- _SOURCE MATERIAL_

■ ■ ■

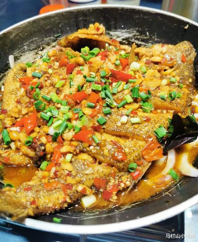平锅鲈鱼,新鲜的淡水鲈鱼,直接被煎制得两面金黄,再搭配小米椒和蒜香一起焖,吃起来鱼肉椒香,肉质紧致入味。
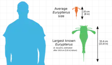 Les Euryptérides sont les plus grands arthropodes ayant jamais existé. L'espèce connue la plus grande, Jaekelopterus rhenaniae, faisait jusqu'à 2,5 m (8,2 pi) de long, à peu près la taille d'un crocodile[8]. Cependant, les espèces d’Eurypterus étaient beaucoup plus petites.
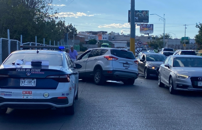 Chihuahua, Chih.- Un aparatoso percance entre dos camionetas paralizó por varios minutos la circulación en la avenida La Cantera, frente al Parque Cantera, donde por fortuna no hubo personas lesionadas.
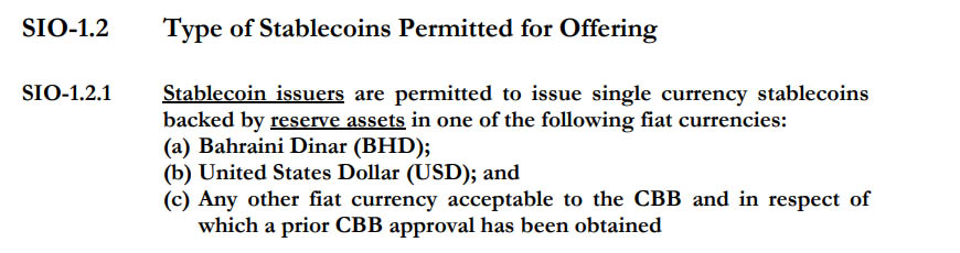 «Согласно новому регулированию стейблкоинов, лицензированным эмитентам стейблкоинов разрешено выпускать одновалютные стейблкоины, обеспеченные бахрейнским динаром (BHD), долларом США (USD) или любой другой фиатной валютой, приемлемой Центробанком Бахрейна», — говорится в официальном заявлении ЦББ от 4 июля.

■ ■ ■

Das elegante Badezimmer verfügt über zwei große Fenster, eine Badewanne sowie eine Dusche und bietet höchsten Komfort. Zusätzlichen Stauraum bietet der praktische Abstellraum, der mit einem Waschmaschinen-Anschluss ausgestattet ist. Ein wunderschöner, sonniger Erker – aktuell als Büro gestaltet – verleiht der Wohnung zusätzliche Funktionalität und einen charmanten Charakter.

■ ■ ■

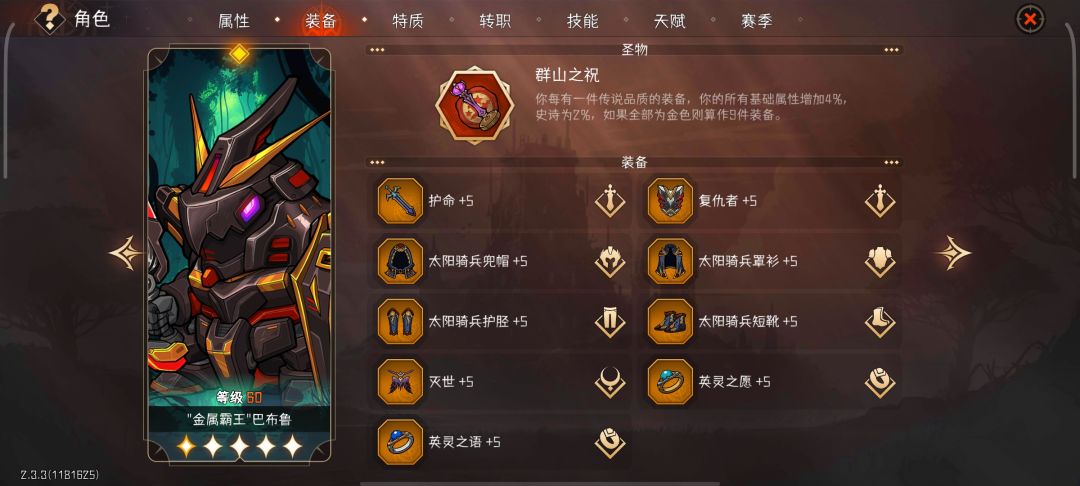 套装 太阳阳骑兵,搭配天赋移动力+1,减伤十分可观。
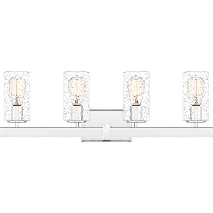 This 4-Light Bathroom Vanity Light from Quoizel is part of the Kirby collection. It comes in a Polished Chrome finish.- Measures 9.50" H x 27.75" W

■ ■ ■

- _TASK DETAILS_
Go back to the listing above and write out the lines starting at the one with "Les Euryptérides sont" and ending at the one with "Chihuahua, Chih.- Un", inclusive, exactly and without pictures.

- _TASK RESPONSE_
 Les Euryptérides sont les plus grands arthropodes ayant jamais existé. L'espèce connue la plus grande, Jaekelopterus rhenaniae, faisait jusqu'à 2,5 m (8,2 pi) de long, à peu près la taille d'un crocodile[8]. Cependant, les espèces d’Eurypterus étaient beaucoup plus petites.
 Chihuahua, Chih.- Un aparatoso percance entre dos camionetas paralizó por varios minutos la circulación en la avenida La Cantera, frente al Parque Cantera, donde por fortuna no hubo personas lesionadas.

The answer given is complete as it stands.